Positions are felt out. Nothing is decided outright, and nothing is said that can’t be softened or reinterpreted later.

The Orchid’s value isn’t in what’s agreed to inside it, but in who’s seen together, and how long those pairings last.

My family has history here. That earns familiarity, not control. I recognize faces I know only by reputation—investors, consultants, people whose influence shows up on balance sheets and zoning maps, not headlines.

The lighting stays low and warm, brass fixtures casting an amber glow over the bar and booths. Whiskey and perfume hang in the air. Glasses clink. Laughter surfaces briefly, then fades back into conversation.

You don’t end up here by accident. Someone makes the introduction. Someone confirms you belong. After that, no one stares too long. Attention is subtle. Professional.

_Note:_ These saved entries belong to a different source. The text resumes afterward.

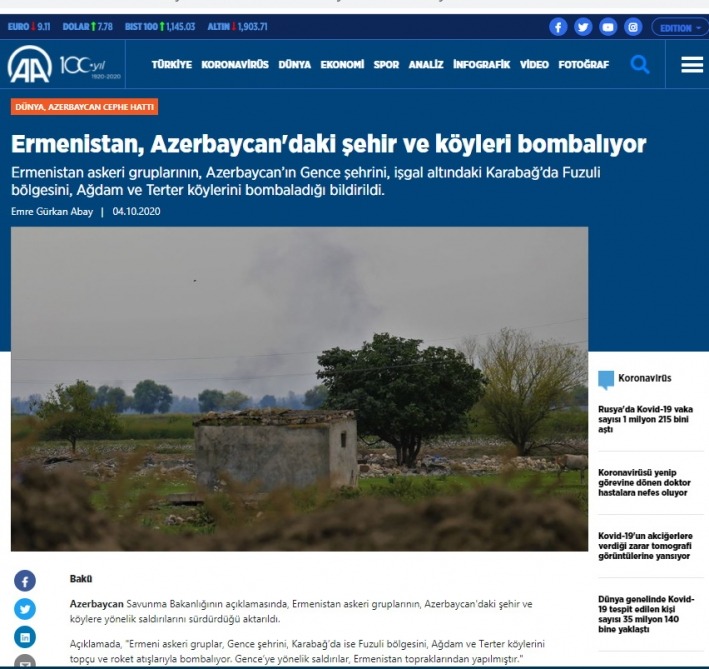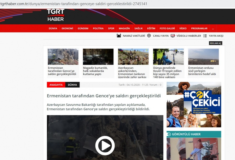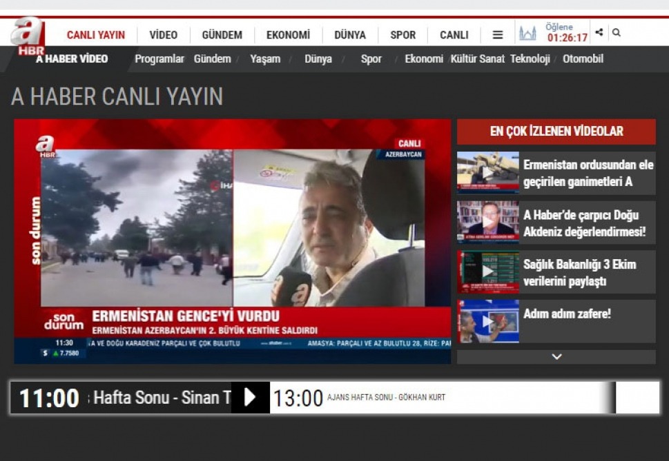 Azərbaycanın Gəncə şəhərinin Ermənistan ərazisindən raket atəşinə tutulması xəbəri Türkiyənin aparıcı kütləvi informasiya vasitələri tərəfindən sürətlə yayılıb.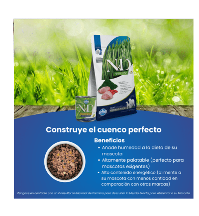 Farmina N&D Pienso Espirulina Y Cordero Para Perros Cachorros Razas Mini 2 Kg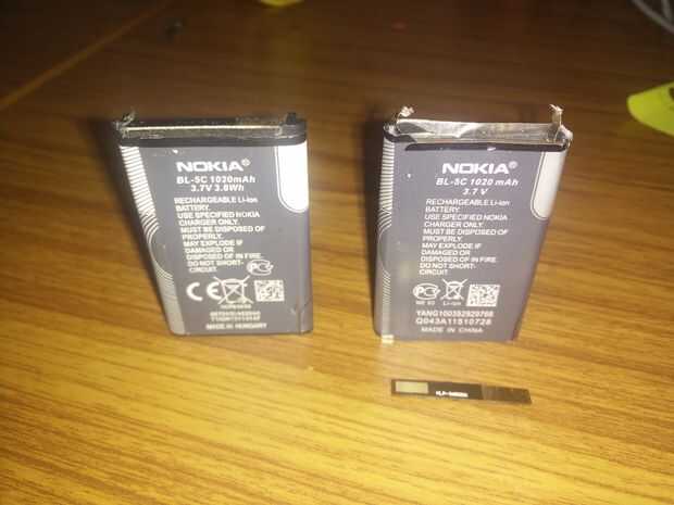 En la figura, la batería de la izquierda tiene su plástico roto, circuito aún por retirarse. El derecho se tiene el circuito quitado.

My father used to sit three booths down on the left. Same seat every time. From there, he could see the entrance and most of the room without drawing focus to himself.

He taught me how to read places like this. He could always spot who was angling for visibility, who was uneasy, or who was already losing ground and didn’t realize it yet.

A lot of what I learned about this city came from rooms like this. Not in lectures or warnings, but in observation.

For a long time, this place was an extension of him to me.

Tonight, when I step inside, a few heads turn. Not openly. Not enough to draw attention. But enough.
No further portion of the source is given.